Britain lies 11th in the team ranking going into tomorrow’s Nations Cup at the World Equestrian Games show jumping championships in Aachen, Germany after a difficult opening day for Derek Rickett’s side today.
The forced withdrawal of Robert Smith’s Marius Claudius was an imperfect start, and with John Whitaker and Peppermill lying best of the British in 28th place individually, Michael Whitaker and Portofino in 46th, Tim Gredley and Omelli in 47th and Nick Skelton in 69th after a late call-up with Russel, it is going to take some considerable effort to pose a threat to the leading Dutch side.

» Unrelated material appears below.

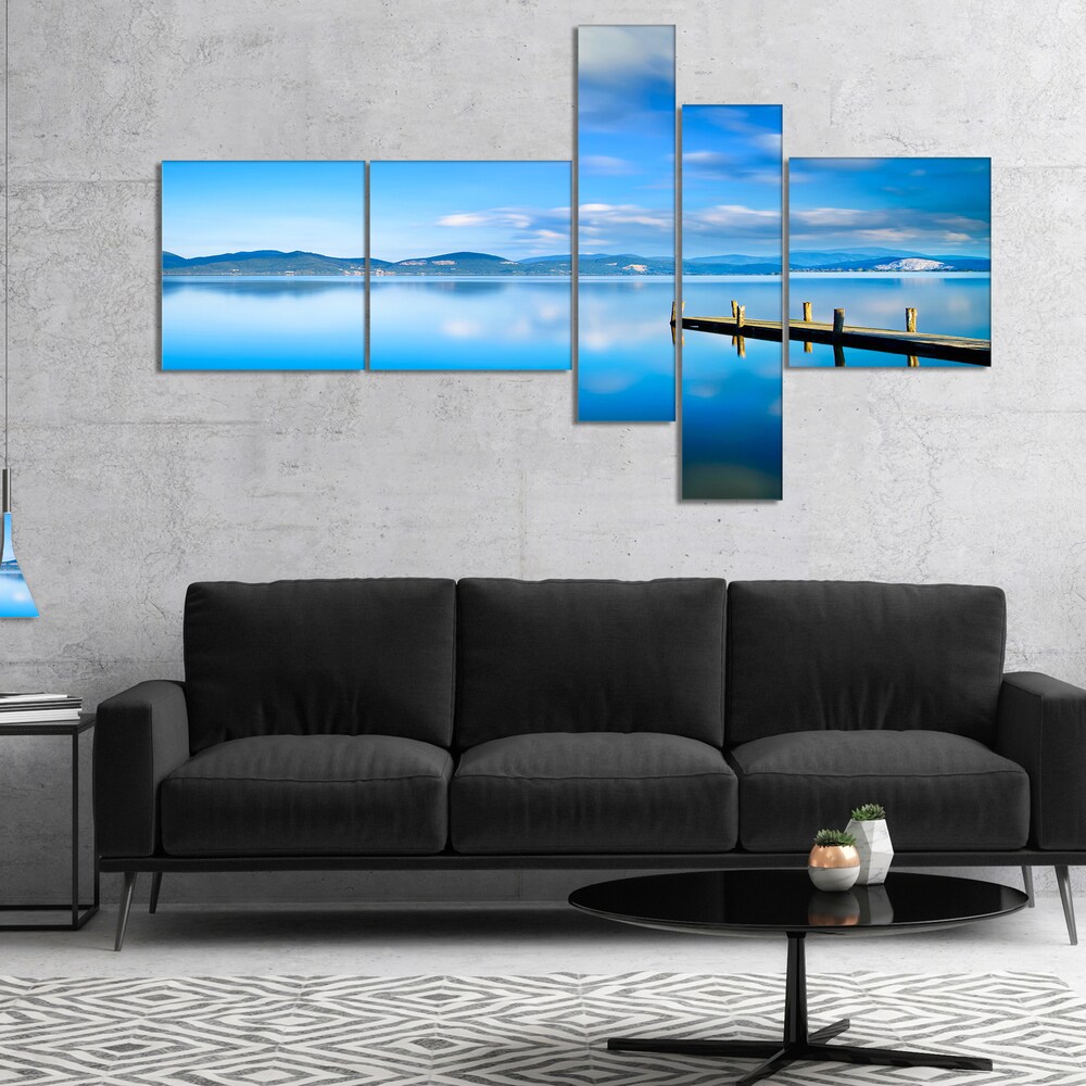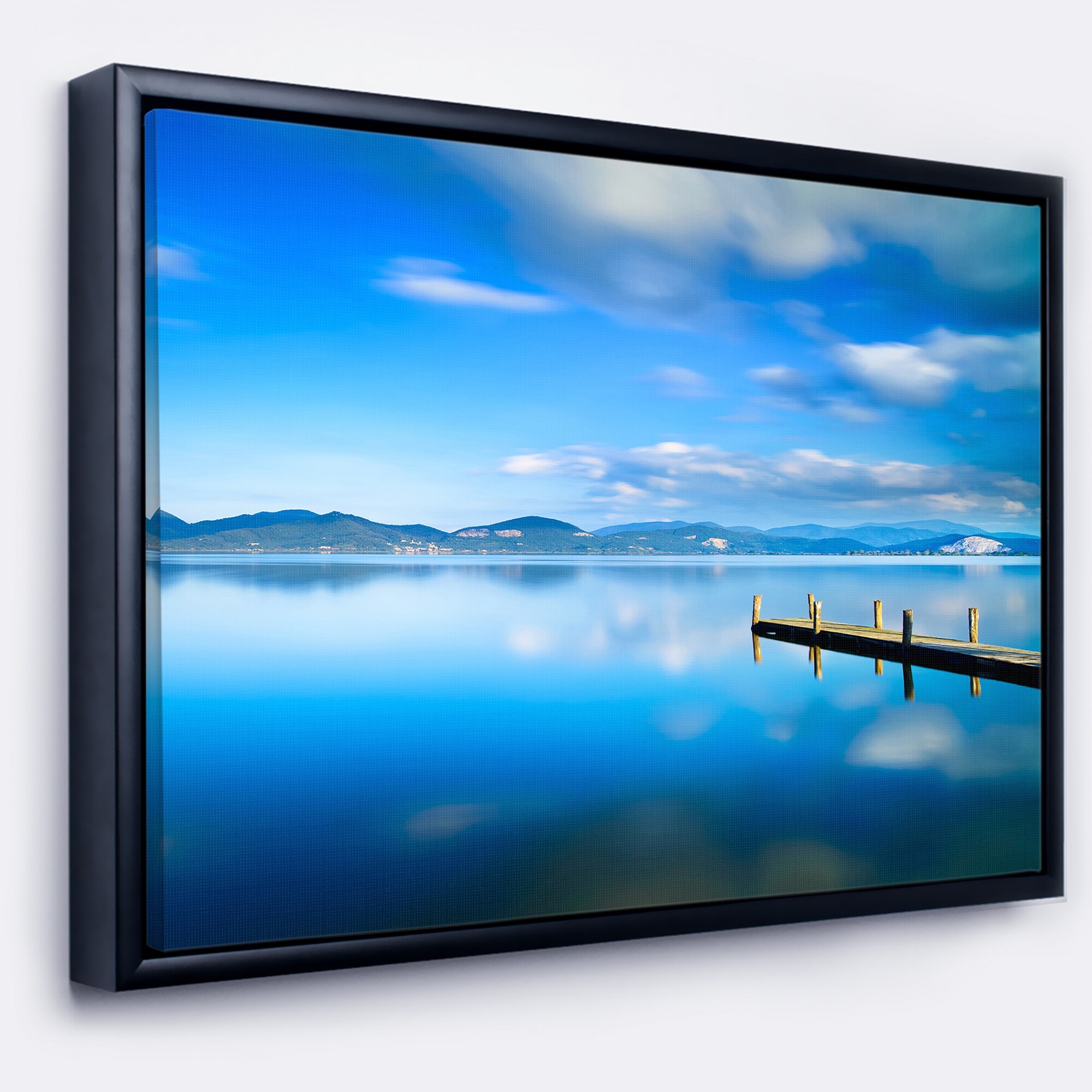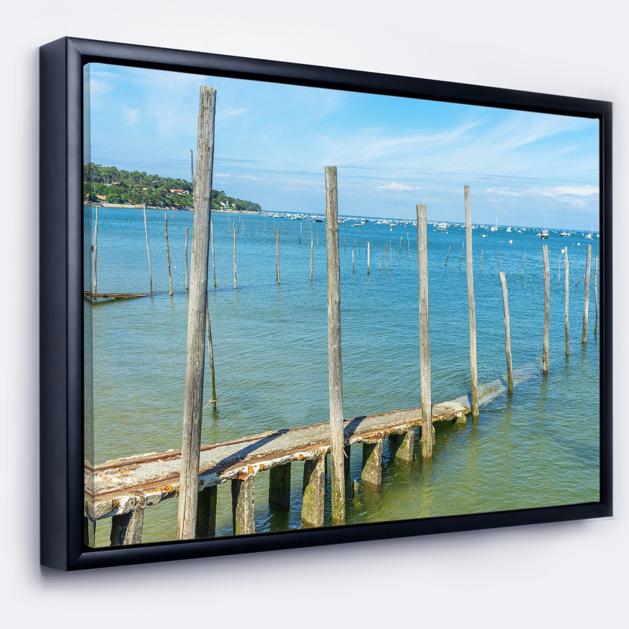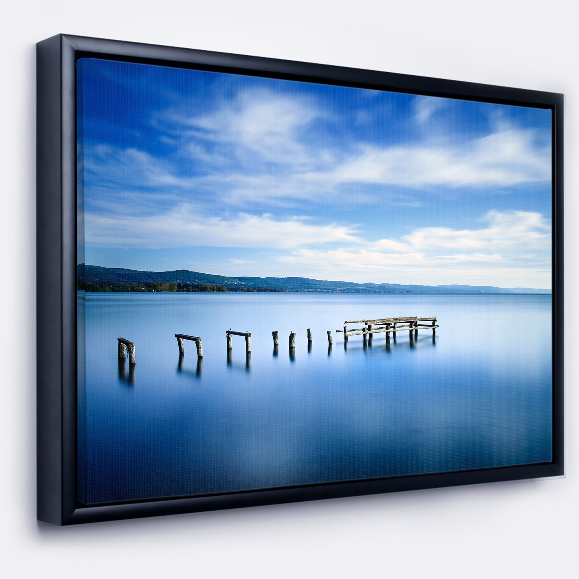 Designart "Wooden Piers by Blue Sea" Seascape Framed Canvas Art Print

However when today’s results were converted into points, just over two fences separate the British from the top of the order where Holland holds sway by a small margin over the USA in second and the three-man Brazilian side in third place.
“It’s very disappointing that Marius Claudius is out” Ricketts said this morning. “The blacksmith pricked the horse’s foot when he was shoeing him three days ago but he was perfectly sound in the trot-up on Monday. However his jump in the warm-up competition seems to have irritated the foot; it’s his off-fore, and two vets had a look at him and gave their opinion. He was re-shod with pads on his feet and still isn’t right so we were left with little choice but to take him out,” the team manager explained.
“There was nothing I could say” Robert Smith said today. “He just wasn’t happy, and I’m really disappointed.”
John Whitaker was first Briton to take on Frank Rothenberger’s 13-fence track which gave them plenty to think about. The problems started after the water with a double, oxer to planks, at fence five which was followed by a dog-leg with a difficult distance to a white oxer at six, while the doubles at nine and ten also proved extremely influential. The water-ditches under the oxers at 10 saw plenty of horses doing a double-take there but Peppermill looked fresh and happy as he cruised around to stop the clock in 84.98 seconds. However with time the deciding factor today that was never going to be quick enough to fill a top placing.
Tim Gredley found himself way off the white oxer at six, adding four time penalties to his score when Omelli landed on the back bar, but he steadied well to lower only the bogey second element of the ditches at 10 before crossing the line to finish.
Nick Skelton and Russel brave the elements in the team competition
Image by Trevor Meeks
Heavy rain as competition resumed after the lunch-break greeted Nick Skelton and Russel who were clear to the double at nine where the rider chose the left-hand option only to lower the second element there. And with eight seconds to add his score when the last also fell the veteran British contender finished well down the line, while the dreaded 10b ditch claimed another victim in Michael Whitaker and Portofino.
A dreadful silence descended on the arena when the former Joe Turi ride, Superville, took a horrible fall on landing over the first element at fence five and Hungarian rider Mariann Hugyecz watched in deep distress as the 16-year-old horse got to his feet and cantered off
carrying his near fore-leg limply. However there was a happier end to the day when it was announced that, after intensive veterinary attention, the brave gelding had suffered only a badly bruised shoulder.
In the Irish camp there was a last-minute replacement too when Cian O’Connor’s Waterford Crystal was lame on Monday night. And the replacement combination of Marie Burke and her home-bred stallion Chippison produced the performance of their career to date when jumping
themselves into ninth spot individually during a round in which the son of Cavalier was clearly enjoying every minute.
America’s Beezie Madden heads the leaderboard at the end of the first day after a great late run with Authentic while Canada’s Eric Lamaze is lying second following a near-kamikaze performance with Hickstead. Holland’s Gerco Schroder and Eurocommerce Berlin jumped themselves into third spot ahead of US rider McLain Ward with Sapphire in fourth.